WORK ITEM -
When you transcribe the listing that follows, keep every line exact and omit the pictures.

DATA SEGMENT -
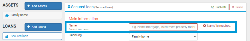 - For secured loans, put 'Loan' in the name, to distinguish it from the asset. If you give it the same name as the asset, then in your results you'll see two items with the same name, which can be confusing. e.g. Call a mortgage 'Investment property loan', not just 'Investment property'.
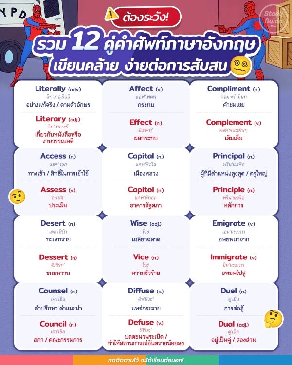 วันนี้พี่น้ำพุเลยได้รวบรวมมาให้แล้วกับ 12 คู่คำศัพท์ในภาษาอังกฤษที่เขียนคล้าย ง่ายต่อการสับสน เขียนผิดไปตัวเดียวอาจเปลี่ยนความหมายและ part of speech แบบไม่รู้ตัว จะมีคู่คำศัพท์ไหนที่เราต้องระมัดระวังกันบ้าง เราตามไปดูพร้อมกันเลยครับ
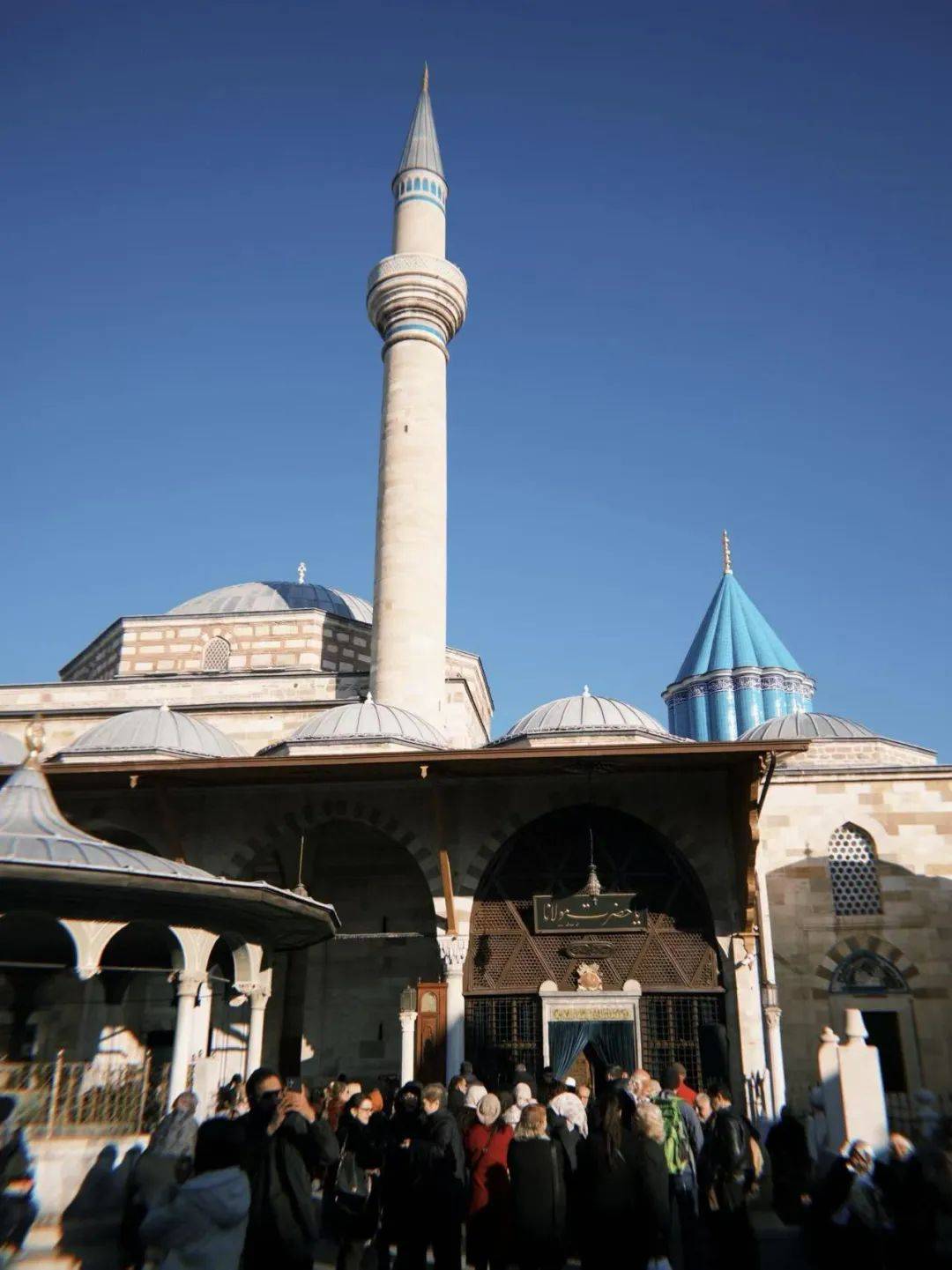 12月17日的午后,我们也依约来此。这天阳光正好,气氛欢欣,覆盖着蓝绿色瓷片的绿穹(Kubbe-i Hadra)在蓝天的衬托下格外醒目。梅夫拉纳博物馆除了是鲁米的陵寝所在,也曾是苏菲派修士们的苦修之所。向导带我们从“一刀两断门”(Kustahan Gate)进入。据说,过去修士们若从此门离开,就代表着他重回俗世,与教派再无关联。
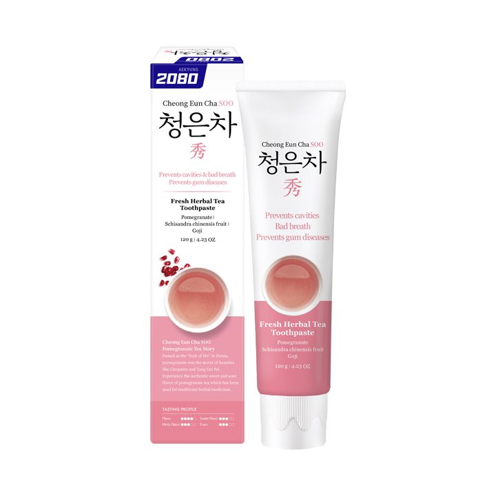 Экстракты чаев из граната, ягод годжи и китайского лимонника оказывают оздоравливающее, антисептическое, тонизирующее и питательное действие на десны. Умеренная пена очищает поверхность зубов и ухаживает за полостью рта в целом.

PROBLEM SOLUTION -
 - For secured loans, put 'Loan' in the name, to distinguish it from the asset. If you give it the same name as the asset, then in your results you'll see two items with the same name, which can be confusing. e.g. Call a mortgage 'Investment property loan', not just 'Investment property'.
 วันนี้พี่น้ำพุเลยได้รวบรวมมาให้แล้วกับ 12 คู่คำศัพท์ในภาษาอังกฤษที่เขียนคล้าย ง่ายต่อการสับสน เขียนผิดไปตัวเดียวอาจเปลี่ยนความหมายและ part of speech แบบไม่รู้ตัว จะมีคู่คำศัพท์ไหนที่เราต้องระมัดระวังกันบ้าง เราตามไปดูพร้อมกันเลยครับ
 12月17日的午后,我们也依约来此。这天阳光正好,气氛欢欣,覆盖着蓝绿色瓷片的绿穹(Kubbe-i Hadra)在蓝天的衬托下格外醒目。梅夫拉纳博物馆除了是鲁米的陵寝所在,也曾是苏菲派修士们的苦修之所。向导带我们从“一刀两断门”(Kustahan Gate)进入。据说,过去修士们若从此门离开,就代表着他重回俗世,与教派再无关联。
 Экстракты чаев из граната, ягод годжи и китайского лимонника оказывают оздоравливающее, антисептическое, тонизирующее и питательное действие на десны. Умеренная пена очищает поверхность зубов и ухаживает за полостью рта в целом.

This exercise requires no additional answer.